Canvas hack: Company pays criminals to delete students' stolen data

The recent cyber-attack on Instructure's Canvas software has significantly disrupted education at approximately 9,000 institutions across the US, Canada, Australia, and the UK. The attack involved the theft of 3.5 terabytes of sensitive student and university data, which the hacker group Shiny Hunters threatened to publish unless a ransom was paid. Instructure opted to pay the ransom to avoid further exposure of personal information, despite warnings from law enforcement that such payments can encourage future attacks and do not guarantee the deletion of stolen data. The incident has raised concerns about the safety of educational technology and the impact of cybercrime on students' academic experiences, particularly during critical exam periods.

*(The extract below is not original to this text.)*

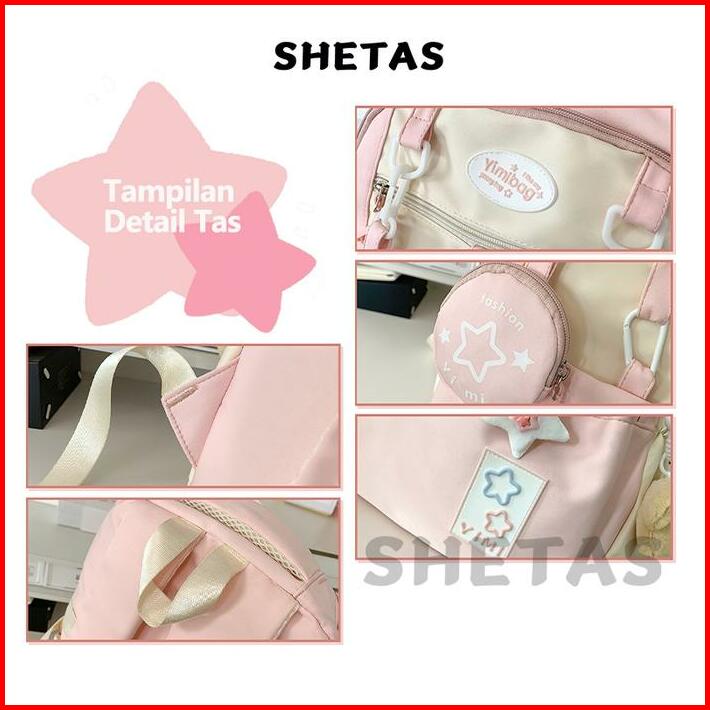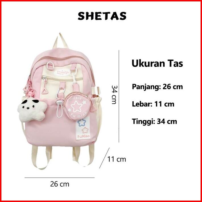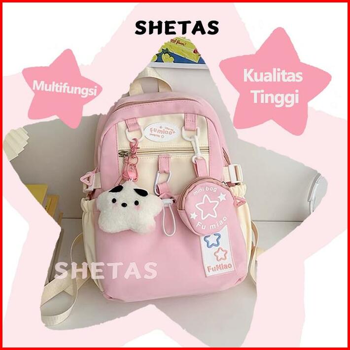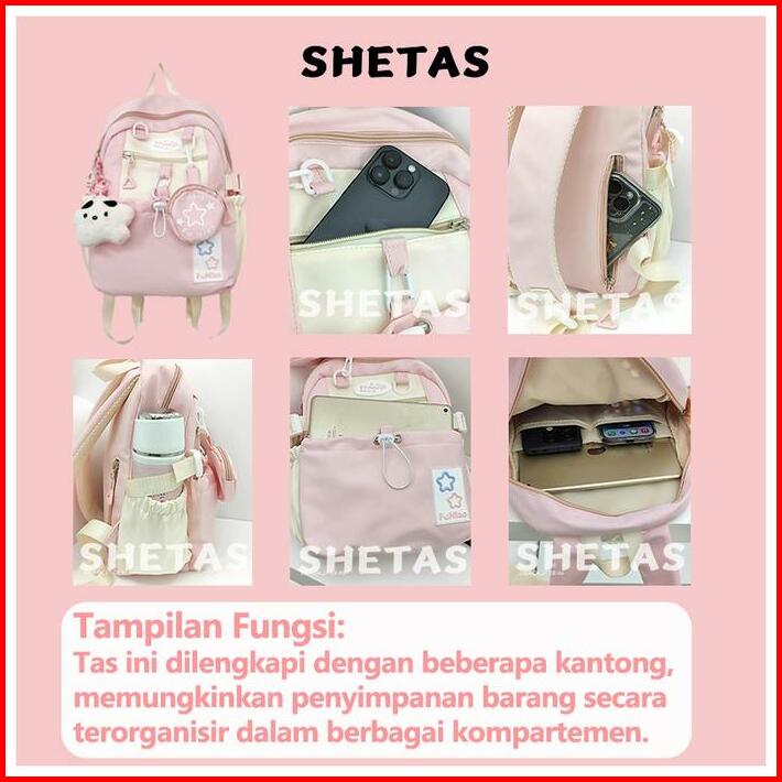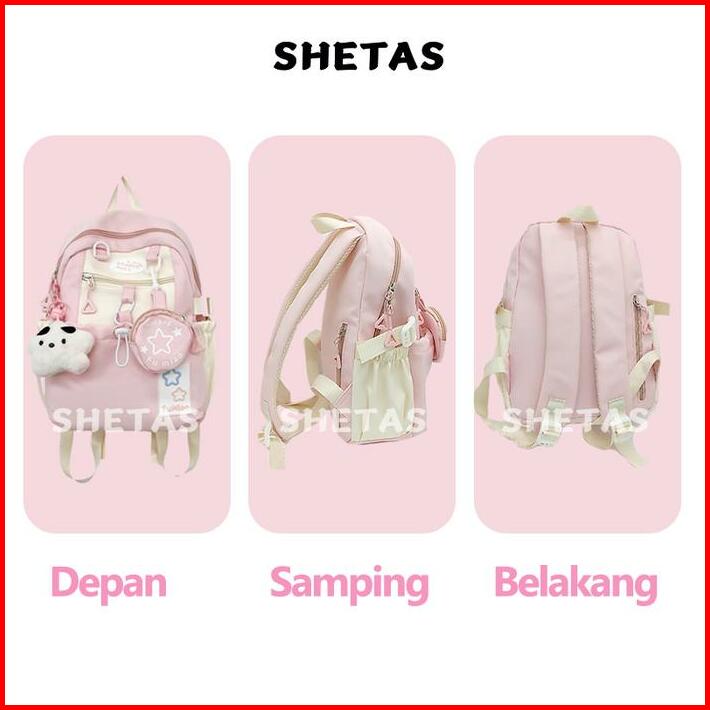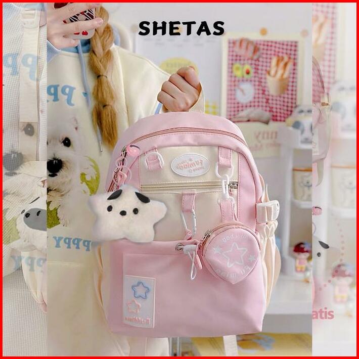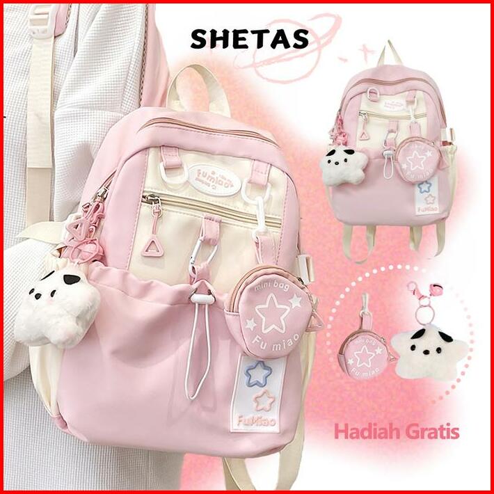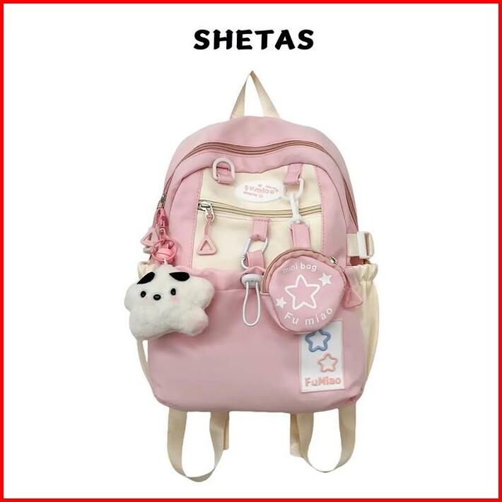Shetas Tas Sekolah Wanita Lucu Warna Pink Biru Kuning Gratis Sampel Ransel Serut Kapasitas Besar Multifungsi Multi Kanto

Students reported confusion and distress as exams were interrupted or postponed due to the breach, illustrating the direct consequences of cyber risks in educational environments. This situation highlights the urgent need for robust cybersecurity measures and ethical considerations surrounding the payment of ransoms in cyber incidents.

Why This Matters

This article is significant as it underscores the vulnerabilities of educational technology to cyber threats. The disruption of academic processes and potential exposure of sensitive student data can have far-reaching consequences for students and institutions alike. Understanding these risks is crucial as reliance on digital platforms continues to grow in education, emphasizing the need for enhanced security measures and ethical policies in responding to cyber threats.